Geronimo

by Read Listen Learn


About two hundred years ago in North America, groups of settlers, English-speakers moving south and Spanish-speaking Mexicans moving north, began to move into the desert lands between Mexico and the U.S.A. Caught between the two, and ready to fight to keep the land, were the American Indians of the region. They were mostly of the 'Apache' tribe and they knew the desert very well. Soon, the settlers and the Apache were fighting all the time. Surprise attacks on the enemy's home were the usual way. No-one knew who started it or when it would end.

Geronimo, an Apache chief, was born in the middle of June, 1829, into the Bedonkohe Apache clan in what is now the U.S. state of New Mexico but was still part of Mexico at the time. His grandfather was chief of the Bedonkohe clan in his day. He had a traditional Apache education and tribal childhood. He married at 17 years old and went on to have three children.

One day, the men left to get provisions in the town but, on the way home, they learned that the Mexicans had attacked their homes. Many women and children were killed in the attack and, when Geronimo got home at night he found that the Mexicans had killed his wife, his three children and his mother, an old woman. When the others who had lost family came together to plan their revenge on the Mexicans, Geronimo made sure he was there.

For decades, the Apache were at war with both Mexico and the U.S.A., killing thousands of Mexicans and hundreds of Americans. Sometimes, there were peace talks but Geronimo said that the whites of both sides broke their word too often; especially the Mexicans, he felt. Geronimo fought both nations and became famous as a brave and clever guerrilla leader. The Apache fighters knew the land very well and would often lose U.S. or Mexican soldiers chasing them by going into caves.
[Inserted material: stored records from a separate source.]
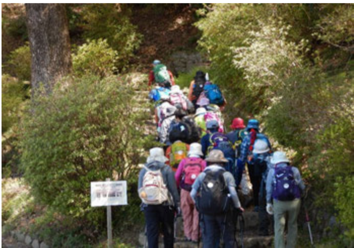
永山公園グラウンドからスタート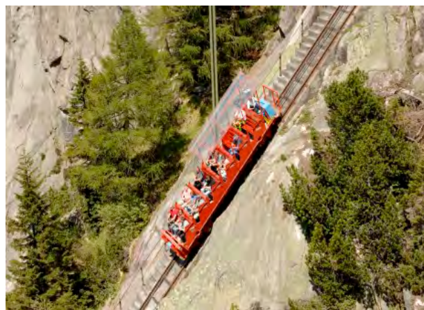
Die Gelmerbahn fährt fast senkrecht den Berg hoch

Auf dieser Tour fahren Sie nicht sehr weit. In der Nähe des Hotels Handeck lassen Sie das Auto stehen und besteigen die Gelmerbahn (Fr. 25.-/Person). Sie ist die steilste Standseilbahn Europas. Fast senkrecht fährt die Bahn, sie wurde ursprünglich als Transportbahn für den Kraftwerksbau gebaut, zum kleinen, verträumten Gelmersee. Eine Oase der Ruhe, umgeben von mächtigen Bergen und Gipfeln. Wer gerne wandert, kann den Rückweg unter die eigenen Füsse nehmen. Aber Sie können auch die Bahn zurück benutzen. Die Wanderung dauert rund 1.5 Stunden, der Weg ist leicht zu gehen, gutes Schuhwerk ist aber obligatorisch! Die Besichtigung der unterirdischen Welt der Kraftwerke lohnt sich auch für Menschen ohne technisches Flair. Es ist erstaunlich, was der Mensch da geschaffen hat!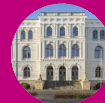
Landesmuseum Natur und Mensch Oldenburg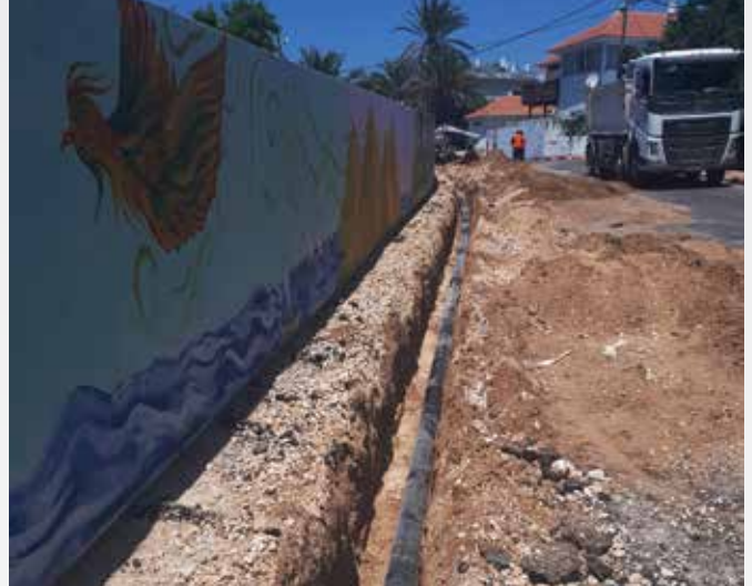
רחוב מבצע עזרא שדרוג קווי מים בקוטר 6"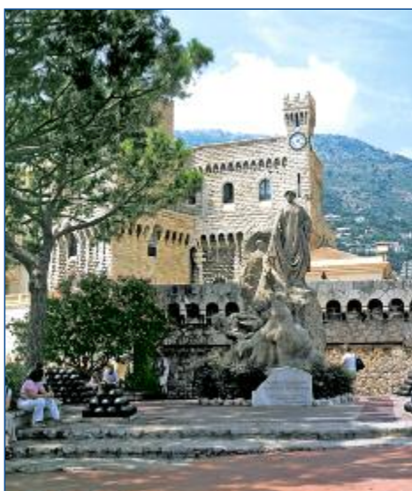
Im Fürstenpalast von Monaco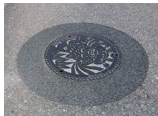
釜石市 (施工後2年経過)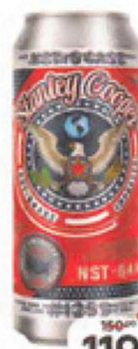
Пиво STANLEY COOPER светлое фильтрованное (Германия), 0,5 л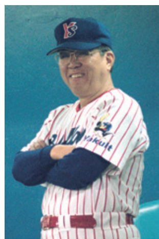
ヤクルト監督時代は「ID野球」でチームを導いた

とはいえ、どうしたら野球評論家になれるかわからない。女房に相談すると、「いい人がいるわよ」と紹介してくれたのが、評論家の故・草柳大蔵さんでした。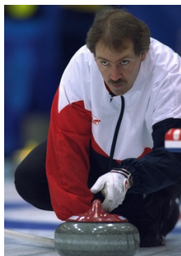
Nagano 1998 Curling (H)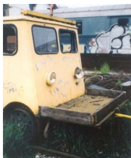
ART.1410: Draisina FS Con piano di carico posteriore Epoca III/IV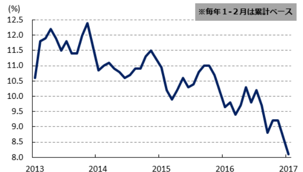
図1 小売売上高(前年比/実質ベース)の推移

大きく下押ししたことが影響したと考えられる。それ以外にも服飾関連や化粧品のほか、日用品関連で消費が鈍化する動きがみられる一方、不動産取引が活発化していることも追い風に家具や建築資材関連で底入れが進んでいるほか、これまで低迷が続いてきた宝飾品などの高額消費にも底打ち感が出ており、自動車の代替需要として高額消費が動いている可能性は考えられる。また、月次の動きをみると1月は前月比+0.51%と昨年12月（同+0.78%）から伸びが大きく鈍化するなど個人消費に下押し圧力が掛かったものの、2月には同+0.95%と前月の反動も重なり徐々に高い伸びとなるなど、今年は春節の時期が前倒しされたにも拘らず個人消費にとっては反ってプラスになっている様子がうかがえる。他方、自動車販売は小売売上全体の1割程度を占めることから、結果として減税措置は今年末まで延長されたものの上述の通り減税幅は圧縮されるなど、昨年のような押し上げ効果は期待しにくくなっていることを勘案すれば、個人消費が主導する形で経済成長を実現することのハードルは高まっている。さらに、現在開会中の全人代（全国人民代表大会）では、今年の経済政策の重要テーマの一つに「内需の潜在力向上（消費拡大）」が掲げられているものの、過去数年に比べて減税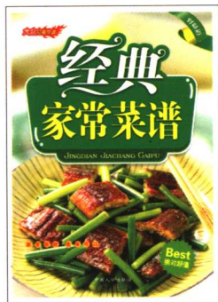
《经典家常菜谱》 定价:18.00元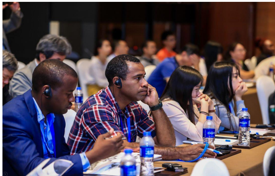
会 場 風 景

The soldiers would wait for them to come out but the Apache knew secret exits.

But, in the end, Geronimo and his now small group of thirty-six men, women and children, surrendered to the U.S. army. They became prisoners of war of the U.S.A. Geronimo was to stay a prisoner of war for the rest of his life. Of course, as he grew old, he was allowed to travel and even appear in shows but he could never go back to his old Apache lands. In the end, Geronimo, aged around eighty, fell off his horse and lay in the cold all night. It killed him. He was buried in the Apache prisoner of war cemetery in an unmarked grave.

Why is his name still known? For many, he was a brave defender of his people who, after his family was murdered, went to war against the Americans and Mexicans who were taking his people's lands. He did kill many people, men, women and children, sometimes in terrible ways but he was a man born into very violent times.

He is still a very political character. At the time of the Vietnam War, he was seen as a symbol of resistance to the 'American Empire', a shining light for native peoples everywhere who resist invaders. And, again, when the U.S. organised the operation to kill Osama bin Laden in Pakistan, they used the codename 'Geronimo' for Osama bin Laden and for the operation itself. Geronimo's descendants in America complained to the U.S. government. They said it showed how, even today, the U.S.A. sees Geronimo as a foreign enemy and not a Native American.